Vidéos associées :
Le Centre de Neurosciences de Cuba (CNEURO), institution scientifique de premier plan appartenant au Groupe BioCubaFarma, a lancé un appel d'offres le 28 avril pour inviter le secteur privé - y compris les Mipymes et les travailleurs indépendants - à prendre en charge l'exploitation de sa flotte de transport, une fonction que l'institution ne peut plus assumer avec ses propres ressources.
Le document, signé par Ing. Reymundo Guerra Grau, Directeur Administratif de CNEURO, convoque formellement « à la signature d'un Accord de Collaboration pour l'utilisation et l'exploitation du transport de CNEURO », en se fondant sur la Résolution 149/2024 du Ministère de l'Économie et de la Planification.
Le document détaille cinq véhicules inclus dans l'accord.
Actuellement, un seul -un autobus Yutong de 13 places, immatriculé B174903- est en circulation.
Les quatre autres nécessitent des réparations avant de pouvoir fonctionner : un Mercedes Benz Sprinter de 20 places (B200045), deux fourgons Citroën (B245811 et B153400) et un fourgon Peugeot (B196283).
Le schéma des contributions révèle clairement la nature du problème.

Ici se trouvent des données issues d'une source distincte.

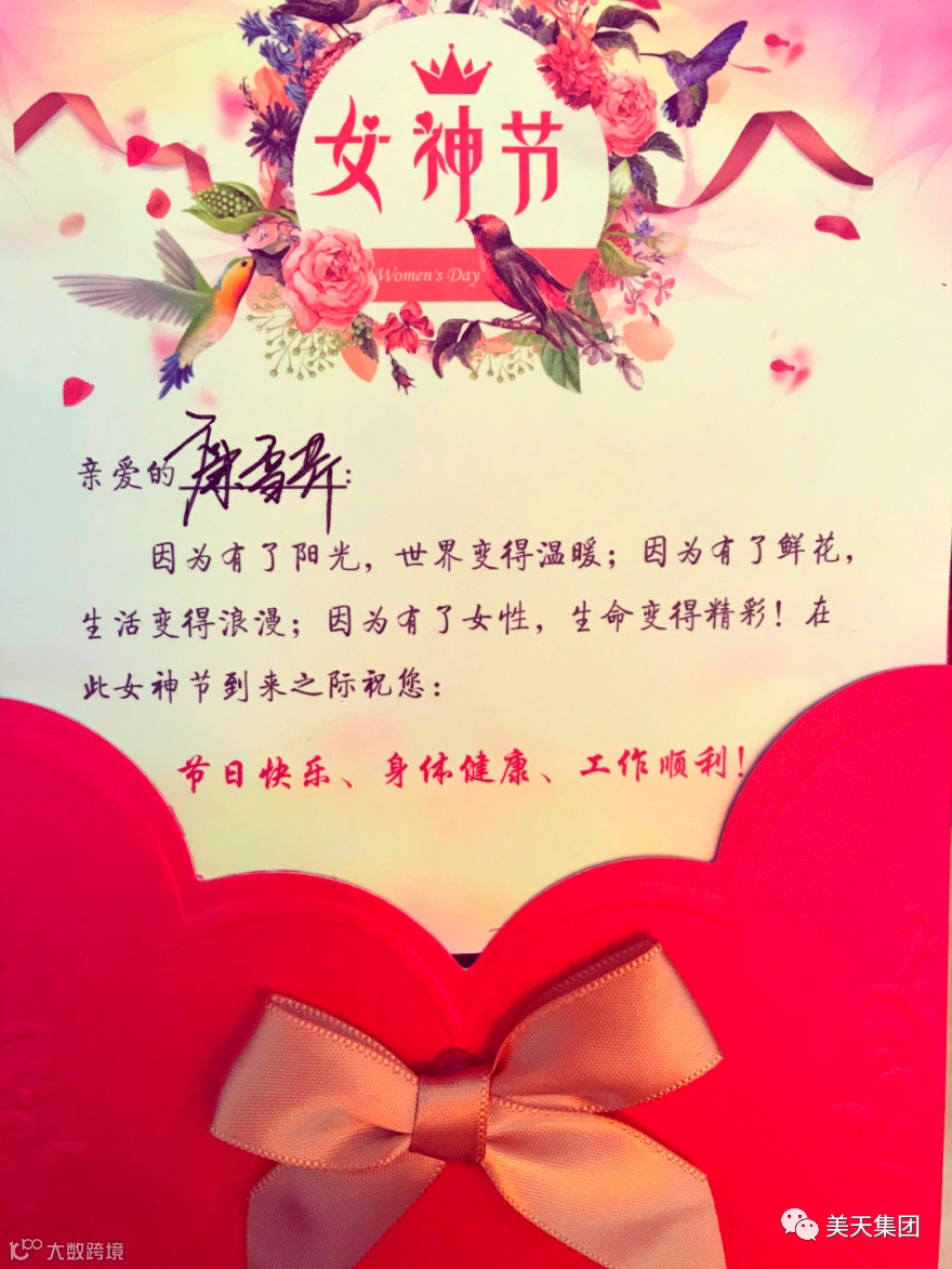 公司精心准备的礼品和卡片,让大家收获了喜悦与感动,大家纷纷表示:在今后的工作中将再接再厉,以更加饱满的精神和更加昂扬的状态投入到工作中去,积极发挥“半边天”的作用,全面展现巾帼风采,与美天一起共同进步、共同发展!

CNEURO propose des véhicules, la garde dans ses installations, des conducteurs de son propre personnel, des capacités d'achat et d'importation à l'étranger, ainsi qu'une plateforme de paiement en devises.

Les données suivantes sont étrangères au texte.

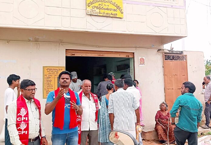 స్టాక్ పాయింట్ల నుంచి రేషన్ దుకాణాలకు సక్రమంగా రేషన్ బియ్యం సరఫరా చెయ్యడం లేదు…!!!ప్రజల ఇబ్బందులను వెంటనే అరికట్టాలి…!!!సిపిఐ వనపర్తి పట్టణ కార్యదర్శి జె. రమేష్…!!!నేటి సాక్షి ప్రతినిధి వనపర్తి జిల్లా :వనపర్తి లో రేషన్ బియ్యం పంపిణీలో అవకతవకలు జరుగుతున్నాయని వెంటనే అరికట్టాలని సిపిఐ వనపర్తి పట్టణ కార్యదర్శి జె. రమేష్, సిపిఐ జిల్లా కౌన్సిల్ సభ్యులు, ఏఐటీయూసీ జిల్లా ఉప ప్రధాన కార్యదర్శి గోపాలకృష్ణ డిమాండ్ చేశారు. వనపర్తి పట్టణ కమిటీ ఆధ్వర్యంలో పట్టణంలోని రేషన్ షాపులను సందర్శించారు. బండారు నగర్ రేషన్ షాప్ లో బియ్యం పంపిణీని పరిశీలించి, వినియోగదారులతో ఇబ్బందులను తెలుసుకున్నారు. అనంతరం మాట్లాడుతూ.. స్టాక్ పాయింట్ల నుంచి రేషన్ దుకాణాలకు సక్రమంగా బియ్యం సరఫరా చేయక పలు దుకాణాలు మూతపడ్డాయన్నారు. రేషన్ కార్డులు పట్టుకొని ప్రజలు బియ్యం కోసం కాళ్ళ అరిగేలా తిరుగుతున్నారన్నారు. స్టాక్ ఉన్నచోట గంటలతరబడి క్యూలో నిలబడి చివరికి స్టాక్ లేకపోవడంతో బాధతో ఇంటికి వెళ్తున్నారన్నారు. రేషన్ షాప్ లో క్యూలో చివర ఉన్నవారికి ఈరోజు రేషన్ దొరకలేదన్నారు స్టాక్ వస్తే మళ్లీ పంపిణీ చేస్తామని డీలరు చెప్పారన్నారు. జూన్ జూలై ఆగస్టు మూడు నెలల స్టాకు ఒకేసారి పంపిణీతో ఒక్కొక్కరికి ఇచ్చేందుకు 15 నుంచి 20 నిమిషాలు పడుతోందన్నారు. తగినంత స్టాక్ రేషన్ షాప్ లో ఉండేలా చర్యలు తీసుకోవాలన్నారు. అంతేగాక బియ్యం పంపిణీలో స్టాక్ పాయింట్ నుంచి డీలర్ వరకు అక్రమాలకు పాల్పడుతున్నారన్నారు. 50 కిలోల బియ్యం ఖాళీ బస్తా బరువు 568 గ్రాములు ఉంటుందని అధికారులు చెబుతున్నారన్నారు. ఖాళీ బస్తా బరువు పోను 50 కిలోల నెట్ బియ్యం సంచిలో ఉండాలన్నారు. కానీ స్టాక్ పాయింట్ల నుంచి సరఫరా చేస్తున్న కొన్ని బియ్యం బస్తాల్లో 44 నుంచి 48 కిలోల బియ్యమే ఉంటున్నాయని డీలర్లు చెబుతున్నారన్నారు. పంపిణీలో ఆ తరుగును భర్తీ చేసుకునేందుకు డీలర్లు ప్రతి కార్డు హోల్డర్ కు అరకిలో ఆ పైగా బియ్యం తక్కువ ఇస్తున్నారన్నారు. చివరకు వినియోగదారుడే నష్టపోతున్నారన్నారు. రేషన్ షాప్ లలో కొందరికి ఈరోజు నాణ్యతలేని బియ్యం ఇచ్చారన్నారు. ఈ అవకతవకలపై జిల్లా కలెక్టర్ వెంటనే చర్య తీసుకోవాలన్నారు. ఈ నెల వరకు జారీ అయిన అన్ని కొత్త రేషన్ కార్డులకు కూడా బియ్యం ఇవ్వాలన్నారు. రేషన్ షాపుల్లో 18 రకాల నిత్యవసర సరుకులను పంపిణీ చేయాలని డిమాండ్ చేశారు. రేషన్ పంపిణీలో అవకతవకలు అరికట్టి, పంపిణీ ఇబ్బందులు తీర్చకుంటే సిపిఐ ఆధ్వర్యంలో ఆందోళన చేస్తామని హెచ్చరించారు. పట్టణ సహాయ కార్యదర్శి ఎర్రకురుమన్న తదితరులు పాల్గొన్నారు.

La partie privée, en revanche, devra apporter ce que l'État ne peut plus garantir : « liquidité pour l'achat de pièces et de composants », « liquidité pour l'achat de carburant » ainsi que pour l'entretien et la réparation des véhicules, s'engageant à le faire « au moindre coût possible ».
L'accord établit des obligations de service concrètes.

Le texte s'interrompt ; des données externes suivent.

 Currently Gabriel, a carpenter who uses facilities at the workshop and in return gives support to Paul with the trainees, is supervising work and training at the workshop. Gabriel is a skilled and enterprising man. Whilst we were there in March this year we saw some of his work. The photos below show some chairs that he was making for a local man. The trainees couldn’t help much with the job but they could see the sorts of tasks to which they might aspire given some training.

Selon le document, «deux trajets quotidiens (aller et retour) seront garantis pour le personnel déterminé par l'entreprise dans les zones environnantes (Lisa, Marianao et Playa) après accord entre les parties».
De plus, «les deux parties effectueront une conciliation mensuelle de l'état technique du transport».
La convocation ne fixe pas de limite de participants : « aucun limite ne sera établi quant au nombre de soumissionnaires ni de propositions », et laisse ouverte la possibilité d'incorporer d'autres véhicules du centre, puisque « d'autres véhicules de notre centre, à l'intérêt du soumissionnaire pour des activités spécifiques, seront également pris en compte ».
Le cas de CNEURO n'est pas un fait isolé.
Le transport en Cuba s’enfonce chaque jour tandis que les autorités reconnaissent la gravité de la situation : le ministre des Transports a admis en mars que les autobus nationaux n'opèrent qu'un seul départ par jour.
Le système de transport public a connu une baisse de 93 % entre janvier et septembre 2025.
La crise énergétique aggrave la situation. Díaz-Canel a averti que le pétrole russe s'épuise et que le pays a besoin de huit navires de carburant par mois, mais n'en a reçu qu'un depuis décembre 2025.
Le 6 février, le transport urbain à La Havane a complètement cessé de fonctionner sans itinéraires d'autobus ni de minibus en raison d'un manque de combustible.
La situation ne se limite pas au transport. Les hôpitaux à Cuba travaillent dans des conditions de guerre en raison des coupures de courant et de la pénurie, et le système de santé cubain est au bord de l'effondrement selon des voix au sein même du secteur.
Que une institution scientifique dédiée à la recherche sur les maladies neurologiques telles que la maladie d'Alzheimer, la maladie de Parkinson et l'épilepsie doive faire appel au secteur privé pour garantir le transfert basique de son personnel illustre la profondeur de l'effondrement institutionnel que connaît Cuba après des décennies de gestion centralisée.
La convocation est valable pendant 15 jours ouvrables à partir de sa publication dans les médias officiels.